EghtesadOnline: Iran has gained access to its $30 billion in frozen assets following the implementation of the Joint Comprehensive Plan of Action (JCPOA) January 16, World Bank announced.
“As part of the JCPOA, some $30 billion of Iran's frozen assets have been released, allowing the government to access funds and assets abroad,” The World Bank’s latest MENA Quarterly Economic Brief, “Whither Oil Prices?” report said.
According to ILNA, the report further added that the slump in oil prices has hurt the Iranian economy but less than other oil producers in the region.
The reason is that compared to other oil producers, the Iranian economy is more diversified, and therefore less dependent on oil revenues. Oil accounts for about 30 % of government revenues, the report added.
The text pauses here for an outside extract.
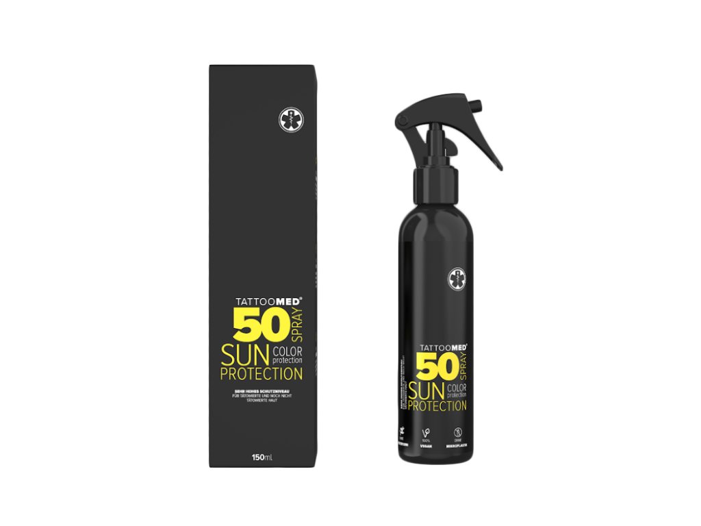 TattooMed SPF50 Sun Spray zaručuje okamžitou a účinnou ochranu proti UVA/UVB paprskům pro tetovanou pokožku.

To maintain market share, Iran’s oil production has increased since January 16, 2016 when implementation of the Joint Comprehensive Plan of Action (JCPOA) and lifting of sanctions began. Some 600,000 barrels per day (b/d) has been added so far and the government plans to raise it up to 800,000 b/d by the summer of 2016, reaching pre-sanction levels (prior to 2014).
The government has taken some actions to mitigate the impact of low oil prices on its budget including raising taxes on parastatal organizations which were previously exempt from taxes, the report said.